To understand the gaps and where there are opportunities to collaborate, we need to dissect the drug discovery process. It basically includes three typical phases (Fig. 3): target validation, lead identification and lead optimization. These phases all have their individual complexities and can have many feedback loops to each other and downstream to decisions early stages of development. Thus, it is important to aim for high compound quality early on because challenges live with the drug development program throughout its lifetime, including later stages of development.

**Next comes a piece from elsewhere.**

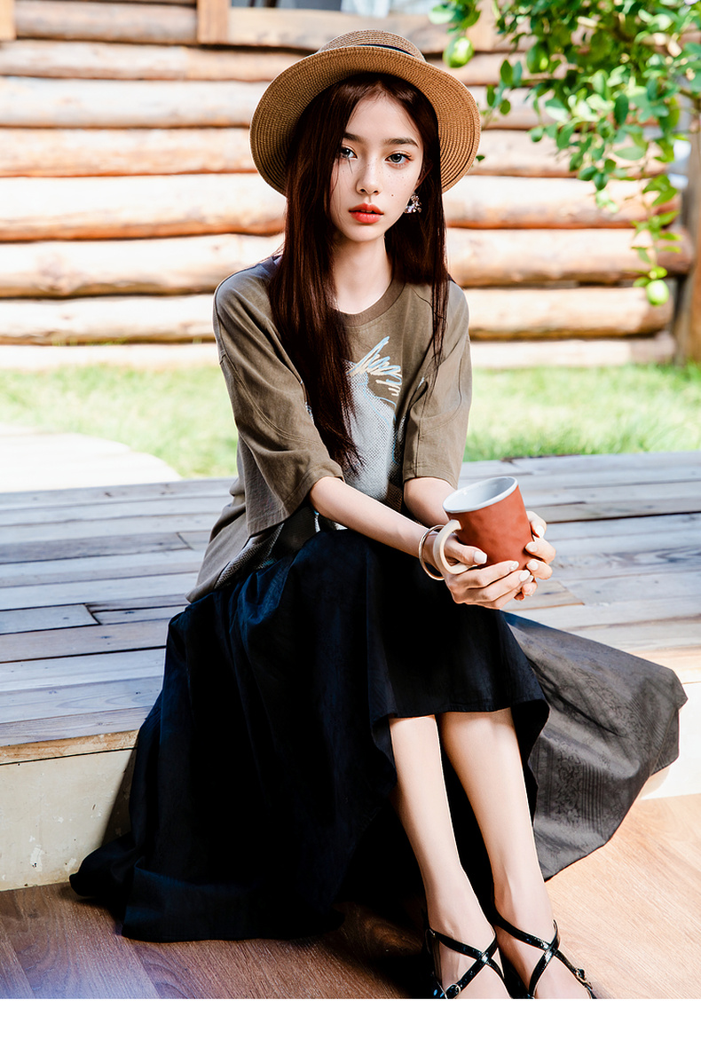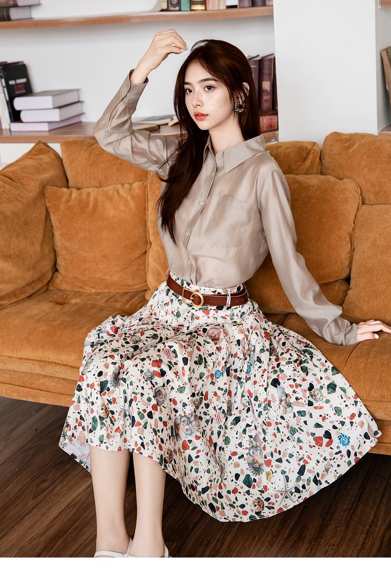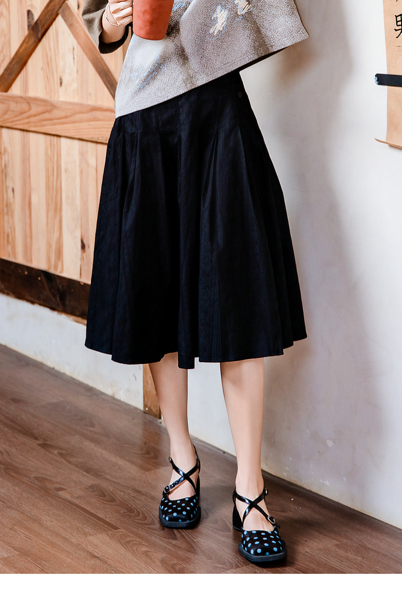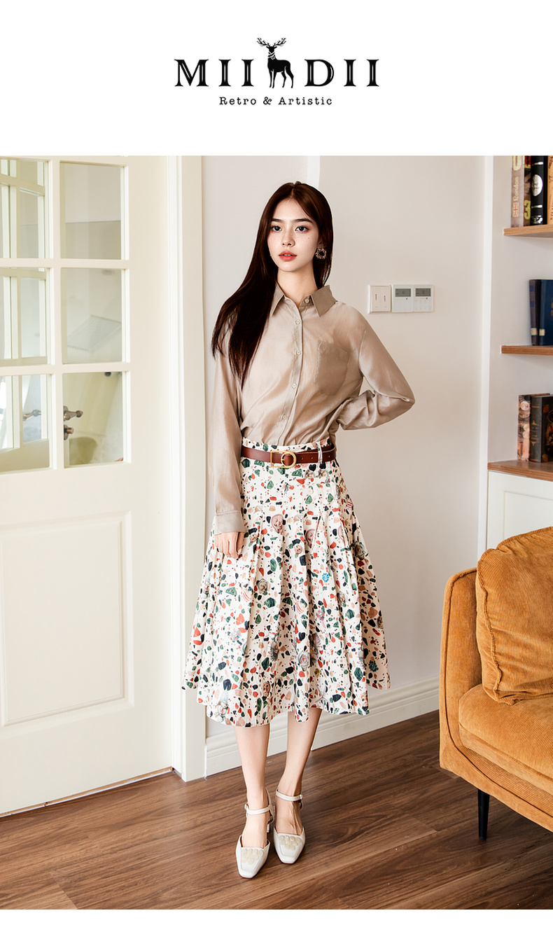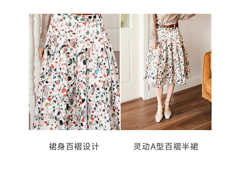 谜底花色半身裙2025秋季新款复古风修身印花百褶中长裙257MB7821

In the target validation phase, one or several targets are studied to determine their role in the mechanism of a given disease state. Recent publication of the FDA “Critical Path” initiative (FDA, 2004) stresses the importance of translational research and the development of tools such as biomarkers and appropriate animal models for efficacy and toxicological testing which may potentially impact the selection of appropriate candidate for clinical development. The challenge for biomarkers is to allow earlier, more robust drug safety and efficacy measurement. Because of the multifaceted nature of optimal in vivo models and/or biomarker development, the research operating plans for the selection and applications of these models should have input from each functional area including formulations, such that a holistic approach can be taken to make the appropriate decisions. At the lead identification stage, discovery teams face a different challenge in using un-optimized leads for developing in vivo efficacy models to determine the specificity and selectivity of the lead. Finally, in lead optimization, a lead candidate emerges via SAR studies which use profiling to inform on efficacy, PK, toxicology and differentiation from comparators (as needed) to arrive at a single or small set of development candidates.

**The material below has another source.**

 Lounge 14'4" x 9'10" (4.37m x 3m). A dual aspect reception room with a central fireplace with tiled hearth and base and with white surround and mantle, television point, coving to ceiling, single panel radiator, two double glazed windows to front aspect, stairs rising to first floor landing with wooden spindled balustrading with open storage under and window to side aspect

In the overall discovery process, whether these are proof-of-concept pre-clinical studies, biomarker development or mechanism-based toxicity studies, the conclusive evaluation is through an in vivo study. As such, formulation can influence API release rate, the PK profile, oral absorption and hence the PD effect. Hence, involvement of development scientists in this space can have a profound contribution to decision-making to enable the “fail fast/fail cheap” paradigm, reducing costs and downstream resources. Consequently, use of appropriate formulations and/or route of administration can be useful in the development of appropriate efficacy and toxicity models and thus enable studies previously inaccessible using conventional approaches.